Beim Ränggbach beginnt die 2. Etappe des Klimawegs, die den Naturerfahrungen und der Zeit gewidmet ist – man soll sich Zeit schenken, beobachten, wie sich das Wasser in den Sandstein eingräbt, und in die Stille gehen – im Umfeld des Wasserrauschens. In einem Klangtor mit Glocke wird der Wanderer aufgefordert, das Handy abzustellen und unerreichbar zu sein – ich hatte schon gar keines mitgenommen.
 
Rainer Maria Rilke wird zitiert: „Wenn es nur einmal so ganz stille wäre, wenn das Zufällige und Ungefähre verstummte und das nachbarliche Lachen, wenn das Geräusch, das meine Sinne machen, mich nicht so sehr verhinderte am Wachen : Dann könnte ich in einem tausendfachen Gedanken bis an den Rand dich denken. Und dich besitzen (nur ein Lächeln lang), um dich an alles Leben zu verschenken wie einen Dank.“
 
Sich in der Stille Gedanken machen – was für ein Luxus!
 
Ich verliess hier den Weg, werde die Fortsetzung ins Eigental bei anderer Gelegenheit unter die Wanderschuhe und ins Blickfeld nehmen. Ich steuerte Obernau an, fand mich unversehens in einem voluminösen Industriegebiet, das vor allem im Dienste des Mazda-Automobilismus steht und steuerte der Haltestelle „Stampfeli“ zu.
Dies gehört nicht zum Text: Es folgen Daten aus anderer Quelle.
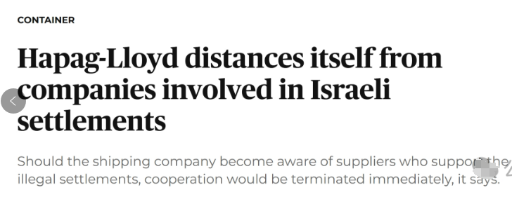 赫伯罗特近日在给欧洲航运媒体 ShippingWatch 的书面回复中表示:赫伯罗特不希望与参与包括非法驱逐和定居等侵犯人权行为的供应商合作。
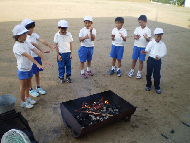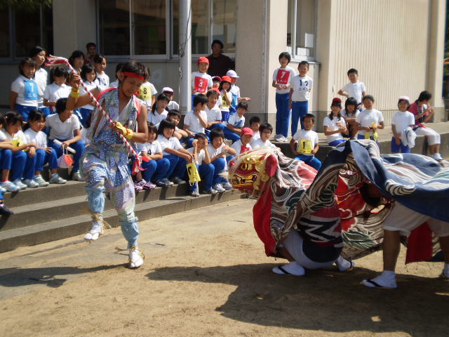 今日、昼休みにリレーの練習をしていたら、三木町の獅子舞がやって来ました。青年団の激しい帽振りの踊りに、子ども達は目が釘付けになって観ていました。秋晴れのすがすがしい日でした。稲刈りが終わるこの時期に、秋祭りがこうして代々引き継がれているのでしょうね。「僕の町も、大人から僕らまで獅子舞の練習しているんや。」と言っている6年生もいました。きっとこの子達も、次の青年団を担う若者となることでしょう。

Der Bus Nummer 10 brachte mich zum Luzerner Hauptbahnhof zurück. Dort waren sie wieder, die Hektik, Werbebotschaften. Ein älterer, heruntergekommenen Drögeler, eine offensichtlich gescheiterte Existenz, nuckelte an einer Flasche und rempelte mich auf primitive Weise an.
 
Verhaltene Werbung
Was für ein Gegensatz zum Luzerner Klimaweg! Er ist ein Aufruf zur Besinnung, kein Mittel zur Indoktrination. Zudem wirkt sympathisch, dass die Sponsoren (Kanton Luzern, Stiftung Drittes Millennium, Bundesamt für Umwelt, Ernst-Göhner-Stiftung, Korporationsgemeinde Luzern, Architekturbüro Iwan Bühler GmbH, Jürg Balmer, Treuhand AG, Bärlocher Steinbruch und Steinhauerei AG, Brunner AG Druck und Medien, Agentur Luzern der EGK-Gesundheitskasse, Hotel Restaurant Hammer, vbl Verkehrsbetriebe Luzern) kaum in Erscheinung treten, im Gegensatz zu verschiedenen Gesundheitstrails, die vor Werbung triefen.
 
Wie man sah, verläuft der Klimaweg auf einer höheren Ebene, vorerst über den Sonnenberg, aber auch er kommt nicht um die Konfrontation mit Abgründen herum – im Interesse des Gleichgewichts, das sich überall einzustellen sucht, selbst beim anthropogen gestörten Klima.